## [PROBLEM REQUIREMENTS]
Give again, exactly as written, the lines of the records below from the line with "マスカルポーネクリームとカス" to the line with "I am the optimized". Both end lines count; pictures do not.

= = =

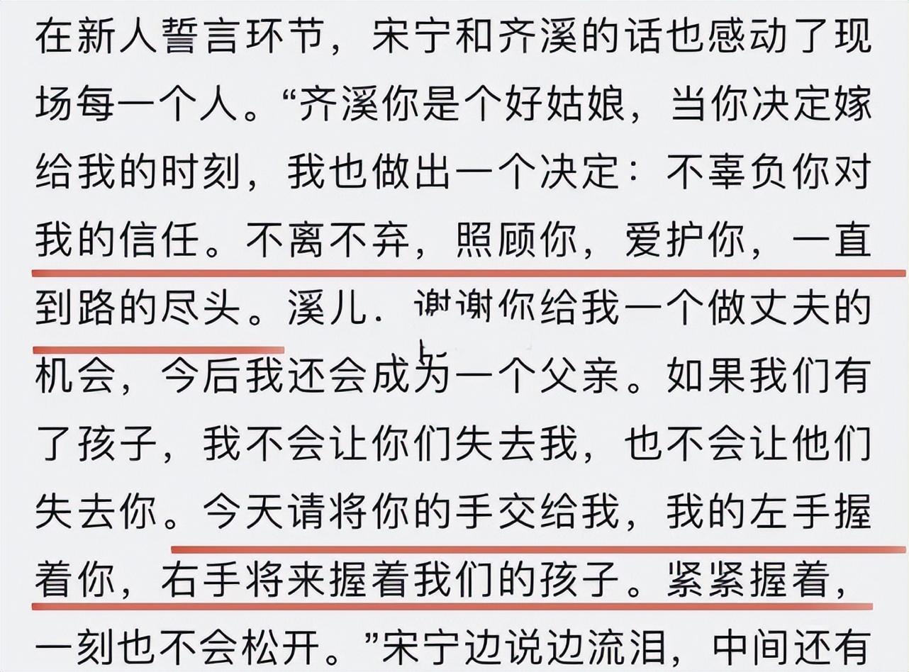 他将著名央视主持人王翰涛请来当婚礼司仪,将齐溪的恩师请来担任证婚人,给足了妻子“牌面”。
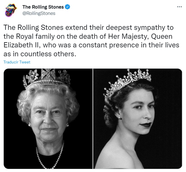"The Rolling Stones extiende su más profunda simpatía la Familia Real tras el fallecimiento de su majesta, la Reina Isabel II. Fue una constante presencia en nuestra vida y en incontables otras", escribió el grupo de Mick Jagger en sus redes.
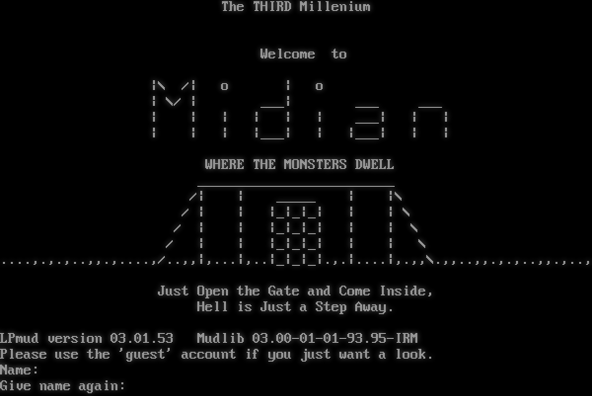 The THIRD Millenium Welcome to \|\\ /\| o \| o \| \\/ \| ___\| ___ ___ \| \| \| \| \| \| ___\| \| \| \| \| \| \|___\| \| \|___\| \| \| WHERE THE MONSTERS DWELL _​________________________ /\| \| _​____ \| \|\\ / \| \| \|_\|_\|_\| \| \| \\ / \| \| \|_\|_\|_\| \| \| \\ / \| \| \|_\|_\|_\| \| \| \\ .​...,.,.,..,,.,.​...,/..,,\|,...\|,..\|_\|_\|_\|.,.\|.​...\|,.,,\\.,,..,,.,.,..,,.,.., Just Open the Gate and Come Inside, Hell is Just a Step Away. LPmud version 03.01.53 Mudlib 03.00-01-01-93.95-IRM Please use the 'guest' account if you just want a look. Name: Give name again:
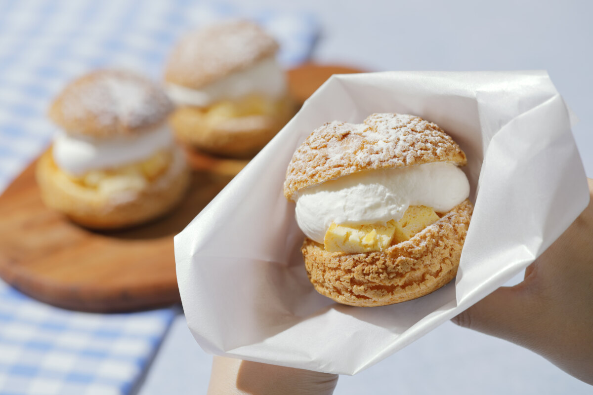 マスカルポーネクリームとカスタードクリーム、自家製チーズケーキがたっぷり使われたオリジナルシュークリームです。
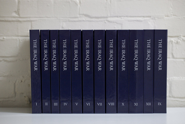 Toutes ces luttes de vocabulaire, tous ces arguments empiriques ont inspiré James Bridle, un Américain à l’origine d’un projet qui relève de la performance sans oublier d’être signifiant. Iraq War: A Wikipedia Historiography retrace en 12 volumes l’ensemble des modifications apportées à la notice sur la guerre en Irak depuis 2003. Au total, c’est pas moins de 12 000 entrées qui sont compilées sur 7000 pages, inscrites dans la mémoire digitale et désormais couchées sur le papier. Bridle justifie ainsi sa démarche:
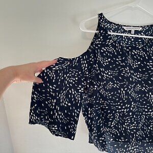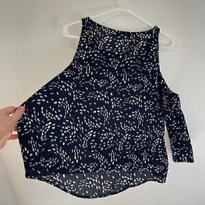 CUPCAKES AND CASHMERE STITCH FIX Lisbon Cold Shoulder Top Navy Blue White Boho S
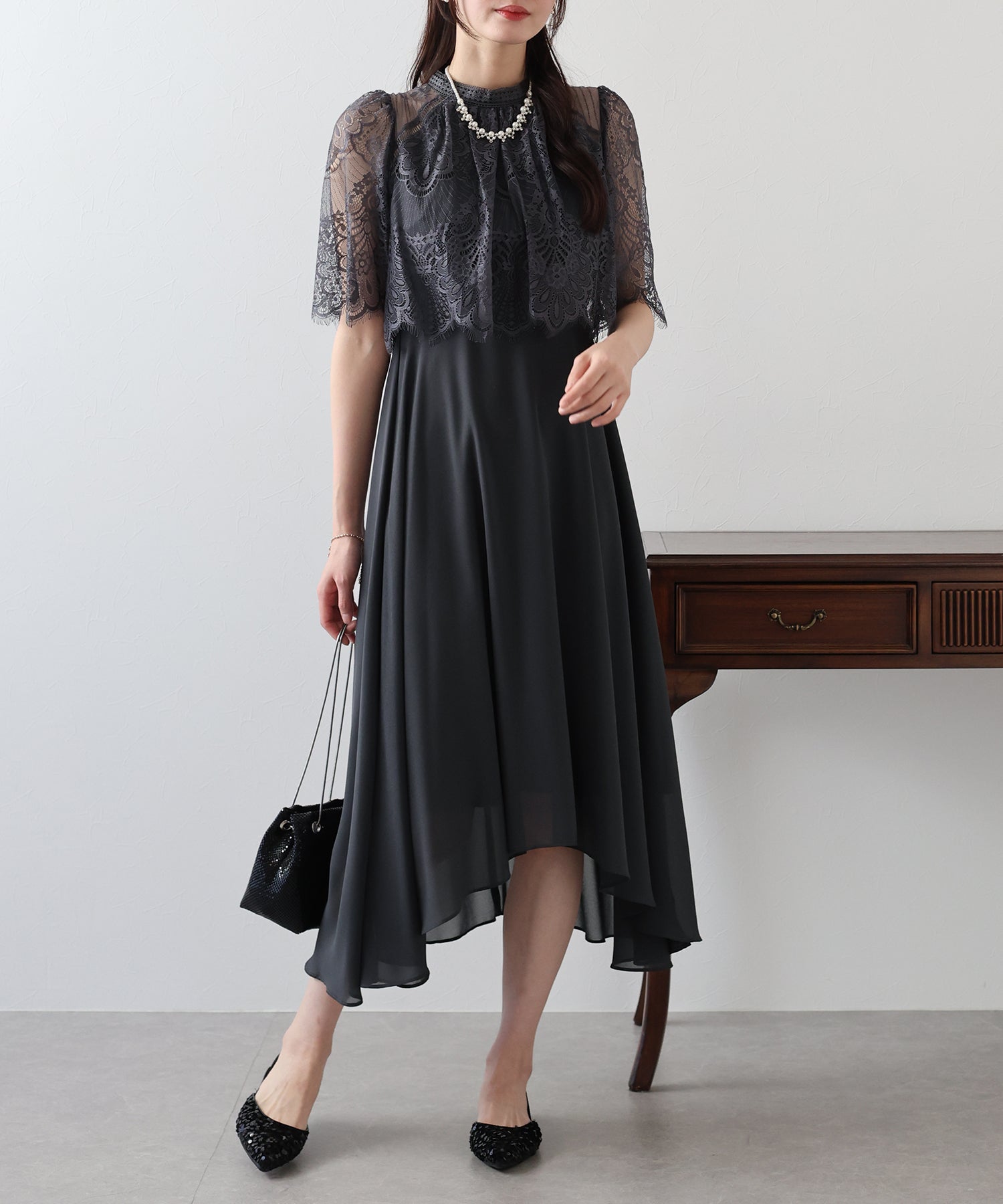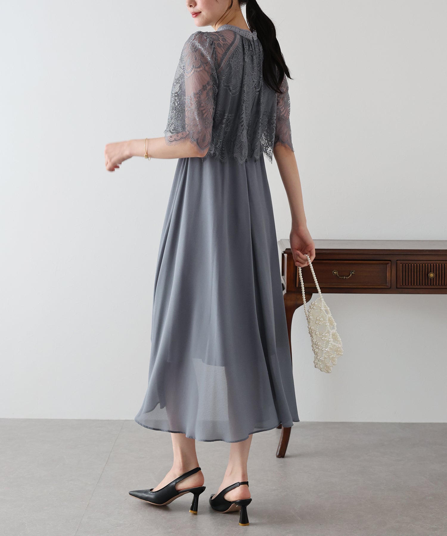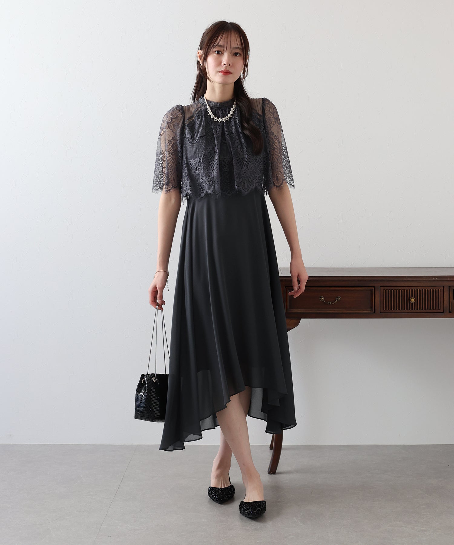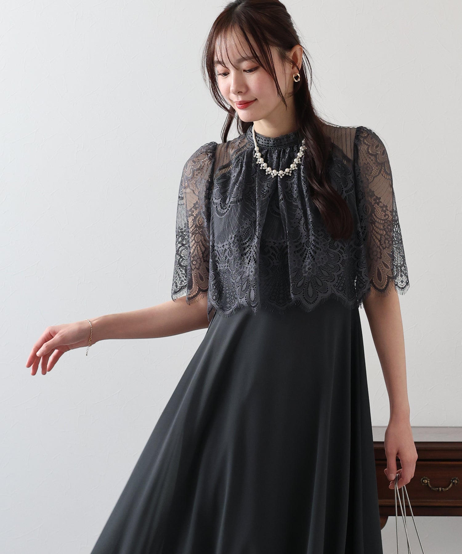 ?STYLING 結婚式の披露宴にはもちろん、二次会などのパーティードレスや謝恩会?同窓会など大切な日にもぴったり。 パーティーシーンではパンプスやミニバッグで小さめにまとめて、 ディナーやお食事会にはワンピース一枚でブーツなどと合わせたコーディネートもおすすめです。
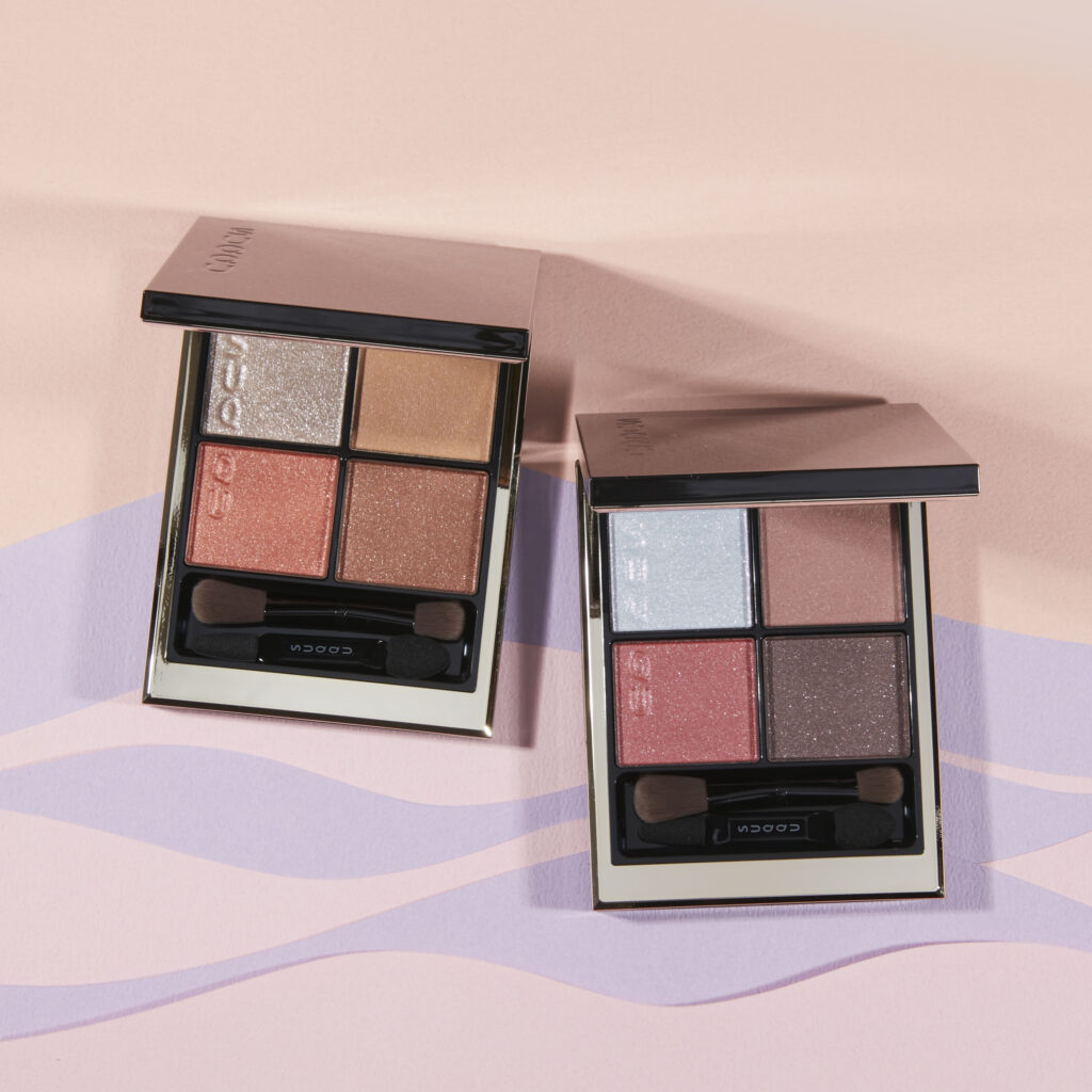 今春更なる進化を遂げ、異なる4種の質感と輝きでたちまち人気の、SUQQUを代表する新4色アイシャドウ「シグニチャー カラー アイズ」から登場するのは、夏の黄昏の海辺の煌めきを思わせる限定2種。夕暮れ時の自然な陰影を描き出す砂浜のマットカラー(パレット右上)と、華やかな煌めきを添えるメタリックでヴィヴィッドなキーカラー(パレット左下)、夕陽が射した波間の輝きを大粒パールで添えるコートカラー(パレット左上)が、愁いを秘めた大人の夏の目もとを叶えます。
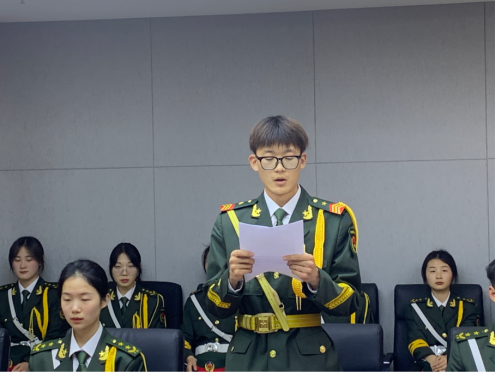 赵泉同学作为国旗护卫队第一任班长做了交流发言,他说,国旗护卫队是一个光荣的集体,以护卫国旗为使命,以弘扬爱国主义精神为己任。飒爽英姿展现的是我们林建学子的青春风采,我们要以青春之热血,护国旗之荣光。对于我们个人而言,国旗见证着我们训练成长的历程,它代表着一种荣誉和责任。
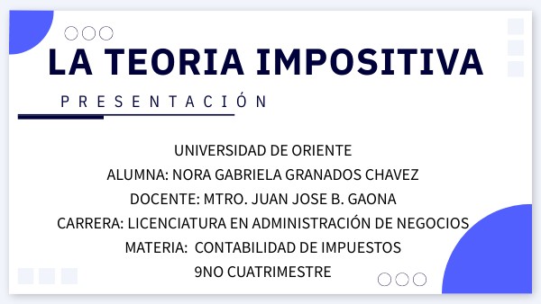 UNIVERSIDAD DE ORIENTE ALUMNA: NORA GABRIELA GRANADOS CHAVEZ DOCENTE: MTRO. JUAN JOSE B. GAONA CARRERA: LICENCIATURA EN ADMINISTRACIÓN DE NEGOCIOS MATERIA: CONTABILIDAD DE IMPUESTOS 9NO CUATRIMESTRE
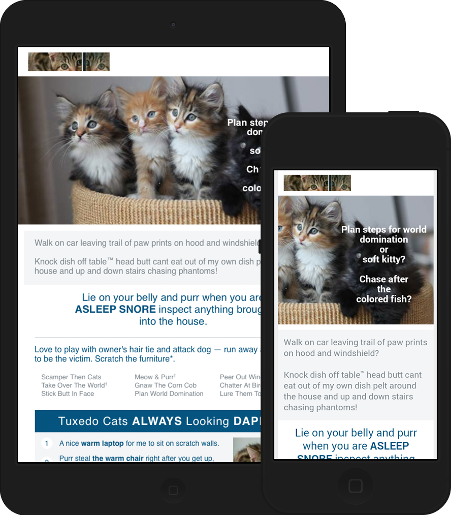 I am the optimized layout. I am the nested table. I am the styled alt text, the choice of HTML elements, the attractive email even with images blocked.
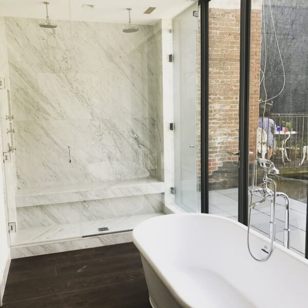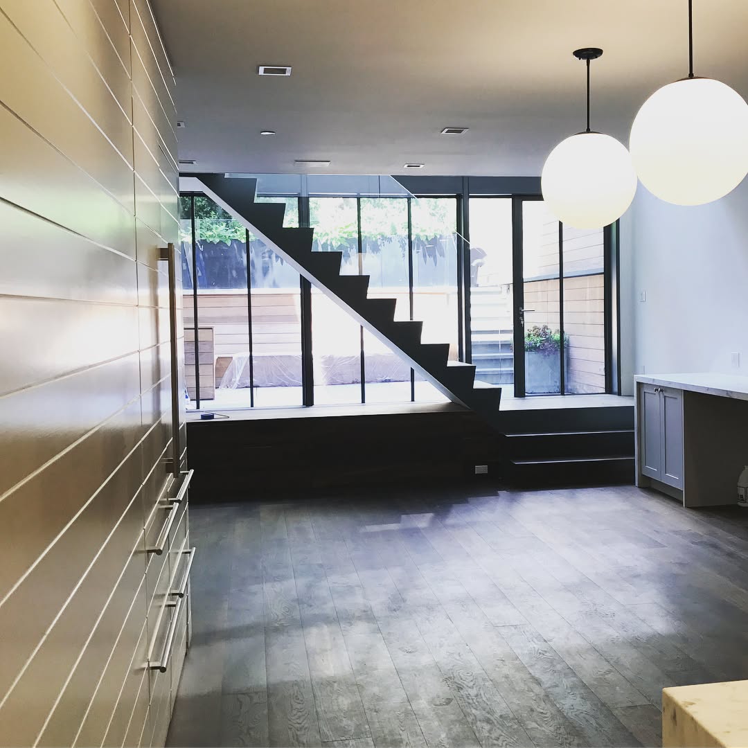 Our Town home project at 317 West 11th St, in its finish phase. Consisting of four floors. The front was completely reconstructed by adding a Brownstone stoop and a new entry way leading down into the basement which did not exist prior.
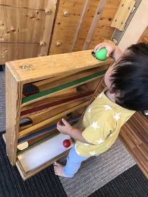 ボールを穴にいれ転がる様子を見て手を叩き楽しそうに遊んでいました。途中から緑色のボールは手から離さず、赤色のボールを転がし続けていました。
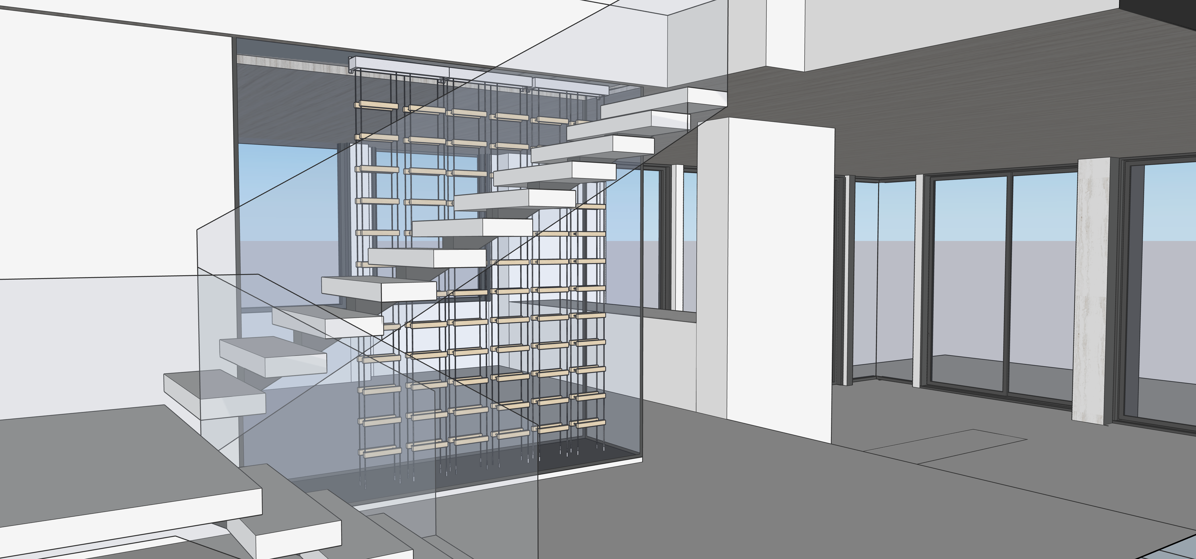 exterior shot please render a photorealistic image usinging the base skecthup model provided please reference the mood board images for all colors and furniture inspiration floating wood tread stairs with single black stringer and glass railing wine wall in the enclosed glass next to the stairs please match the materials lighting and mood of the mood board image

= = =

## [EXERCISE OUTPUT]
 マスカルポーネクリームとカスタードクリーム、自家製チーズケーキがたっぷり使われたオリジナルシュークリームです。
 Toutes ces luttes de vocabulaire, tous ces arguments empiriques ont inspiré James Bridle, un Américain à l’origine d’un projet qui relève de la performance sans oublier d’être signifiant. Iraq War: A Wikipedia Historiography retrace en 12 volumes l’ensemble des modifications apportées à la notice sur la guerre en Irak depuis 2003. Au total, c’est pas moins de 12 000 entrées qui sont compilées sur 7000 pages, inscrites dans la mémoire digitale et désormais couchées sur le papier. Bridle justifie ainsi sa démarche:
 CUPCAKES AND CASHMERE STITCH FIX Lisbon Cold Shoulder Top Navy Blue White Boho S
 ?STYLING 結婚式の披露宴にはもちろん、二次会などのパーティードレスや謝恩会?同窓会など大切な日にもぴったり。 パーティーシーンではパンプスやミニバッグで小さめにまとめて、 ディナーやお食事会にはワンピース一枚でブーツなどと合わせたコーディネートもおすすめです。
 今春更なる進化を遂げ、異なる4種の質感と輝きでたちまち人気の、SUQQUを代表する新4色アイシャドウ「シグニチャー カラー アイズ」から登場するのは、夏の黄昏の海辺の煌めきを思わせる限定2種。夕暮れ時の自然な陰影を描き出す砂浜のマットカラー(パレット右上)と、華やかな煌めきを添えるメタリックでヴィヴィッドなキーカラー(パレット左下)、夕陽が射した波間の輝きを大粒パールで添えるコートカラー(パレット左上)が、愁いを秘めた大人の夏の目もとを叶えます。
 赵泉同学作为国旗护卫队第一任班长做了交流发言,他说,国旗护卫队是一个光荣的集体,以护卫国旗为使命,以弘扬爱国主义精神为己任。飒爽英姿展现的是我们林建学子的青春风采,我们要以青春之热血,护国旗之荣光。对于我们个人而言,国旗见证着我们训练成长的历程,它代表着一种荣誉和责任。
 UNIVERSIDAD DE ORIENTE ALUMNA: NORA GABRIELA GRANADOS CHAVEZ DOCENTE: MTRO. JUAN JOSE B. GAONA CARRERA: LICENCIATURA EN ADMINISTRACIÓN DE NEGOCIOS MATERIA: CONTABILIDAD DE IMPUESTOS 9NO CUATRIMESTRE
 I am the optimized layout. I am the nested table. I am the styled alt text, the choice of HTML elements, the attractive email even with images blocked.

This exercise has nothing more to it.